By Deepa Gahlot, May 3, 2007 - 04:23 IST

The debate over the excesses of the Bachchan wedding coverage by the media is still raging. And the issue of how much of a star's life is private, and how much the public needs to know, is a double edged sword - in this case, both parties are equally at fault.

If the Bachchans wanted a quiet, private wedding, then they could have had it either outside Mumbai, or at place where the media or the public could not have access. Hrithik Roshan, at the height of his stardom got married at his father-in-law Sanjay Khan's farm in Bangalore, and this mass hysteria was totally avoided. But you can't have band-baja-baraat-bidaai in the streets and then say you want privacy.

Aamir Khan booked a place away from Mumbai for his wedding and kept the media out, so he had the right to complain of trespassing by the media. The public - the readers of the newspapers, the watchers of television and the surfers of the net - would perhaps be interested in knowing about a star's wedding, but does the media in its race to provide snippets of trivia, have to climb walls, peek from cracks in the wall, and hound the caterer, designer, flower seller, etc for information nobody but the silliest of fan needs to know. By behaving in such an undignified fashion, the media makes voyeurs of all of us, and it is annoying.

However, when it comes to their relations with the media, our stars are also quite hypocritical. Aamir Khan, for instance, ranted about the intrusion of the media in an interview and swore he would never talk to the press even to promote a film; then at slightest hint of controversy - whether the Narmada issue or the cola pesticides affair - summoned the media to give his point of view, and everybody hopped on one foot and went.

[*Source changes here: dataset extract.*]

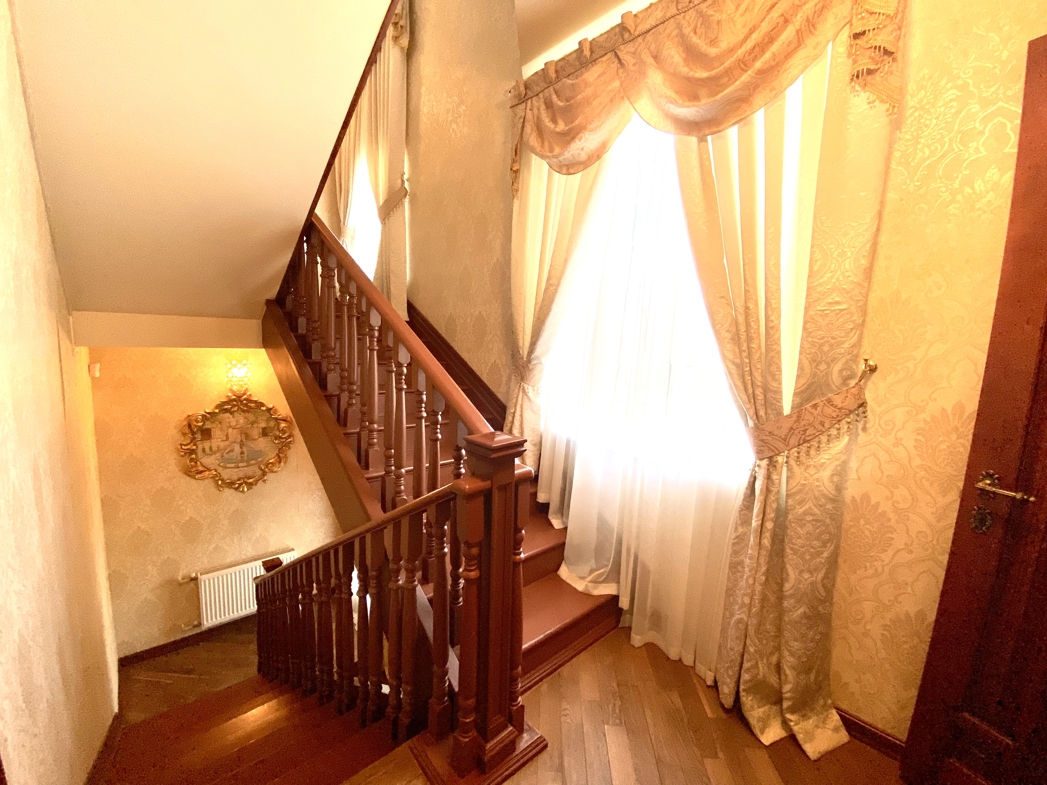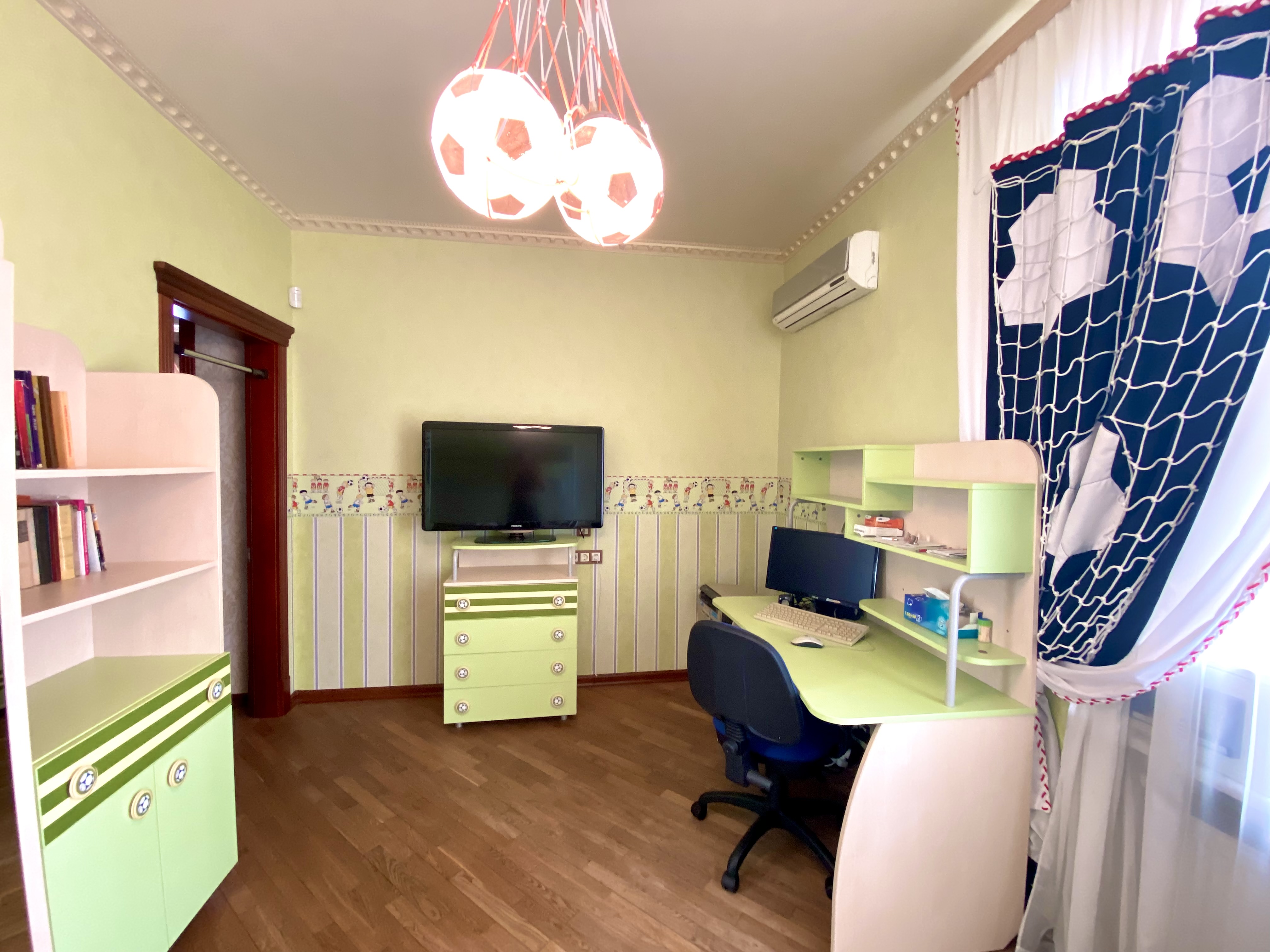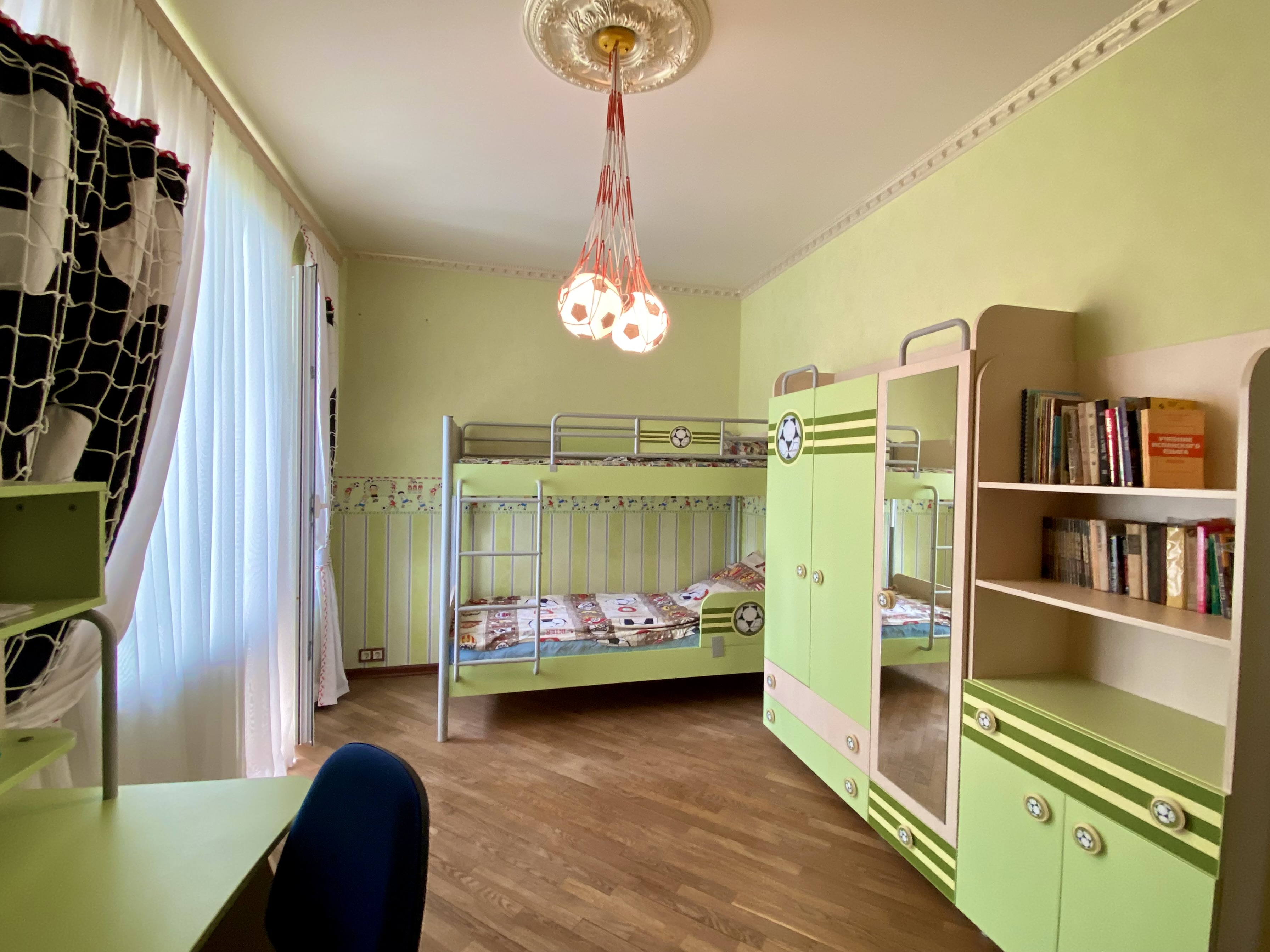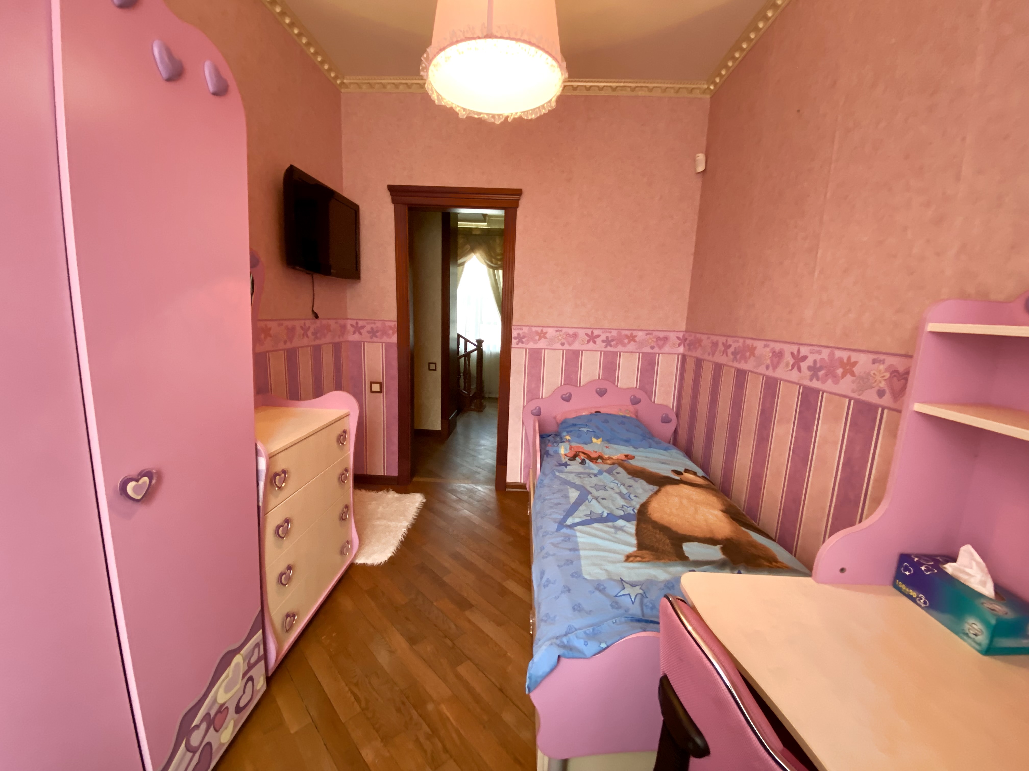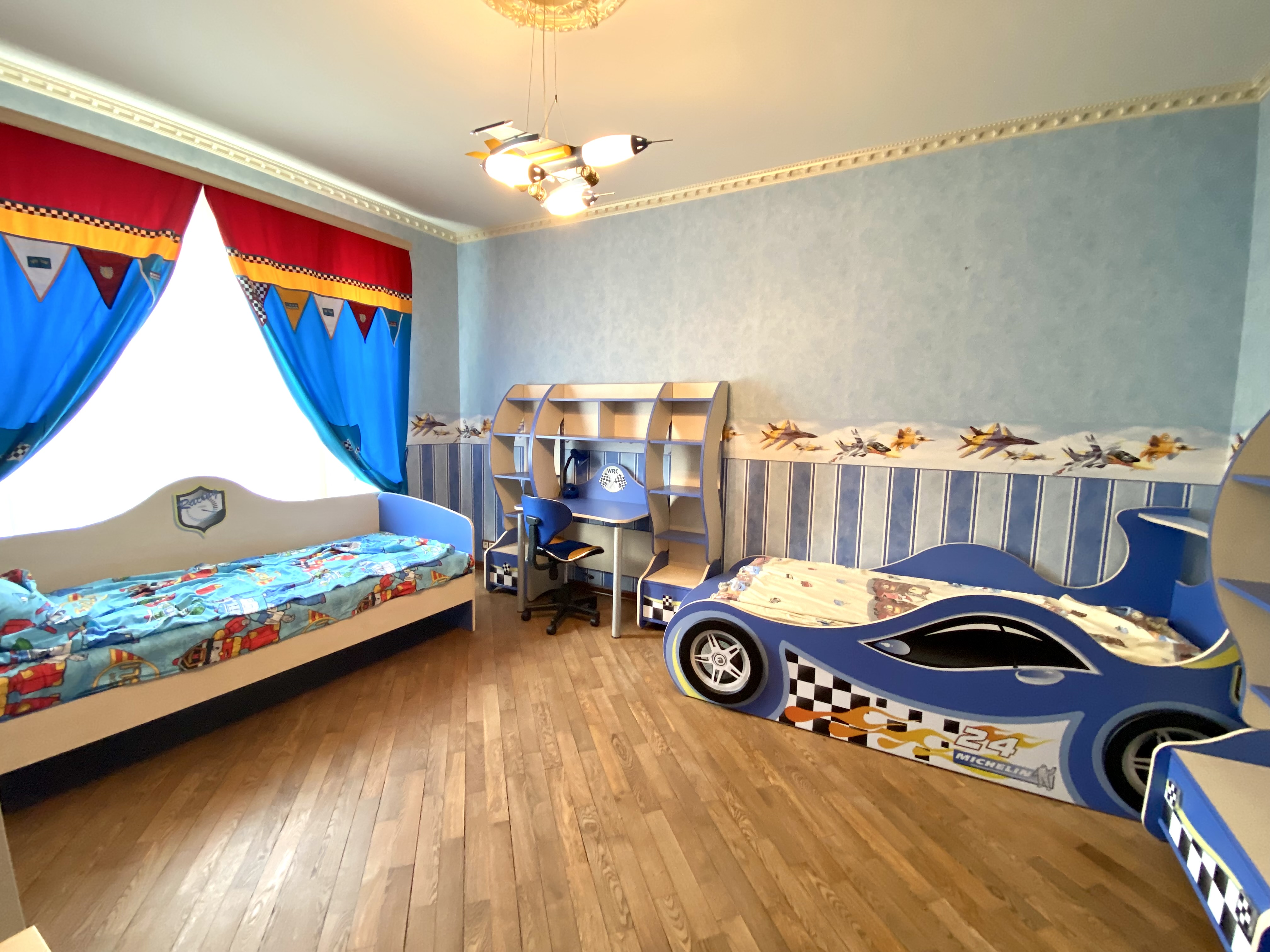 Общая площадь дома 260 кв.м.: 3 детские комнаты, 2 спальни, гостевая комната, гостиная, 3 ванных комнаты, 4 гардеробные, сауна и кладовая.

Someone as undeserving as Mallika Sherawat, Rakhi Sawant and now Shilpa Shetty, can treat the media as their private fiefdom and get away with it. Because the media has willingly relinquished its power to beg for scraps from the star's table. If there was unity in the media, a star who demanded privacy would get it, and nobody would be able to beckon or kick the media on a whim.

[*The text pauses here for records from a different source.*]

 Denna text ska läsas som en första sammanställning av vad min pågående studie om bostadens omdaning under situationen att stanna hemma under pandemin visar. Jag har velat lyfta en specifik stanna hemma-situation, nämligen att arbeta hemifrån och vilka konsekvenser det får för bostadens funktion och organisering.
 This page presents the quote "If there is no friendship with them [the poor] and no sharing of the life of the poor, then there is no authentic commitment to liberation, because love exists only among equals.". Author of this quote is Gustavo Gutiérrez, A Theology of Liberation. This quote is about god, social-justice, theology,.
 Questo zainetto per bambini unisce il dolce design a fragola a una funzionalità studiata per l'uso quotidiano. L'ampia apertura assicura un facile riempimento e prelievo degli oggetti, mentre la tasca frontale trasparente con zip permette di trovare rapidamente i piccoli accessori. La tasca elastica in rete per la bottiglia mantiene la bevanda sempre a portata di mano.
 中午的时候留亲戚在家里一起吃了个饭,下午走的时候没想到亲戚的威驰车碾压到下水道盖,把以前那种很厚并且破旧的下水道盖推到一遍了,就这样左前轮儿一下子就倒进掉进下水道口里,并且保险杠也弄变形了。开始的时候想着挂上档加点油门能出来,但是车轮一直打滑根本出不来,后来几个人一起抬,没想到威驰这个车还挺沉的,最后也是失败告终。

Does anyone remember a single film Rakhi Sawant has done? Yet the media falls constantly for her publicity seeking stunts. Now she is famous for being famous - so even when she donates computers to a school or admits a patient to hospital, an SMS goes out to the media and they land up slobbering with the cameras and mikes. The Richard Gere-Shilpa Shetty 'kiss' episode has been stretched to the point where nobody cares any more.

There should also be some kind of media body to decide when an issue has been blown out of proportion and when enough is enough. Because the public for whom this rubbish is doled out, cries itself hoarse saying 'bas karo', but useless trivia is being rammed down their throats in the name of news and information.

The next star who gets married should either invite the media and get it over with, or hire a jet/submarine and do it totally out of the public eye. Nobody needs to be made privy to visuals accessed by peeping tom tactics, and nobody, absolutely nobody needs to know vulgar details like where the flowers, henna, laddoos, pandits, chandeliers etc. came from.